Task statement – Below are some records. Return exactly their lines from the one containing "the circuit breaker." through the one containing "Arnês de couro", and drop the pictures.

*** Material provided ***

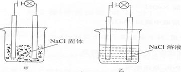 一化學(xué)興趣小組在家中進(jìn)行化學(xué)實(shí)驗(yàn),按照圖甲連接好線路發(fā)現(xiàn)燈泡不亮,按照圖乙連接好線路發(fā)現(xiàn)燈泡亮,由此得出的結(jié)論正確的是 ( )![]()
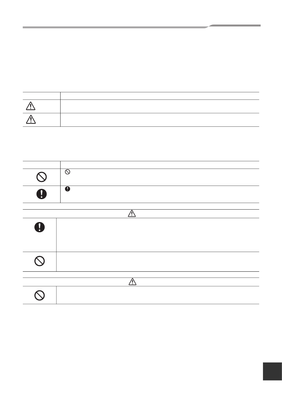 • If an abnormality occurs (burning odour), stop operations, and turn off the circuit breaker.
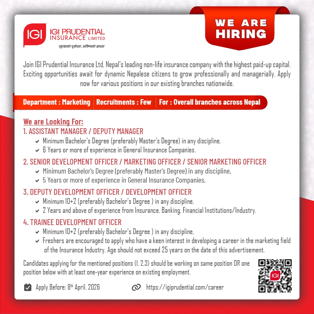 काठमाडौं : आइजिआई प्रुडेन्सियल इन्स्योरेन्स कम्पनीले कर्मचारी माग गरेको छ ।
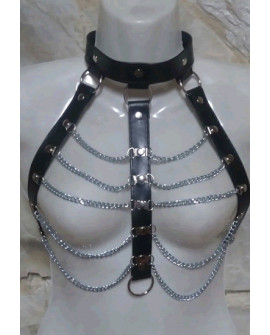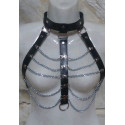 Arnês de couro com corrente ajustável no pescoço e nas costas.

*** End of Material provided ***
*** Material provided ***

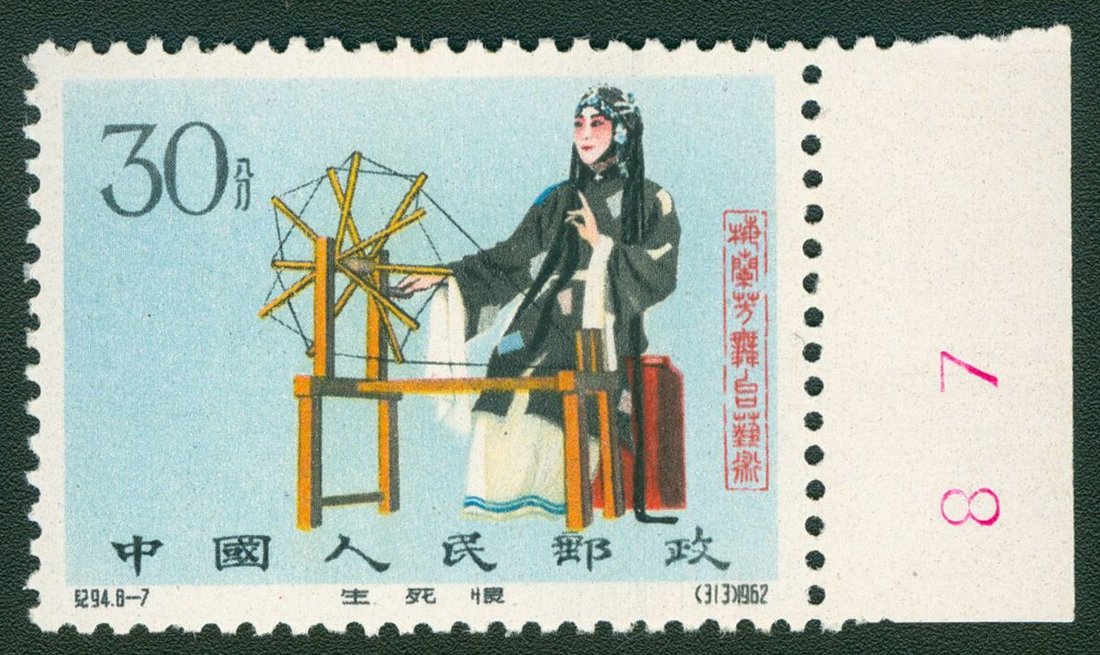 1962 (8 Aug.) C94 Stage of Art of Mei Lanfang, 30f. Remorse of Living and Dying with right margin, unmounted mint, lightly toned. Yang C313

*** End of Material provided ***

Written response –
 • If an abnormality occurs (burning odour), stop operations, and turn off the circuit breaker.
 काठमाडौं : आइजिआई प्रुडेन्सियल इन्स्योरेन्स कम्पनीले कर्मचारी माग गरेको छ ।
 Arnês de couro com corrente ajustável no pescoço e nas costas.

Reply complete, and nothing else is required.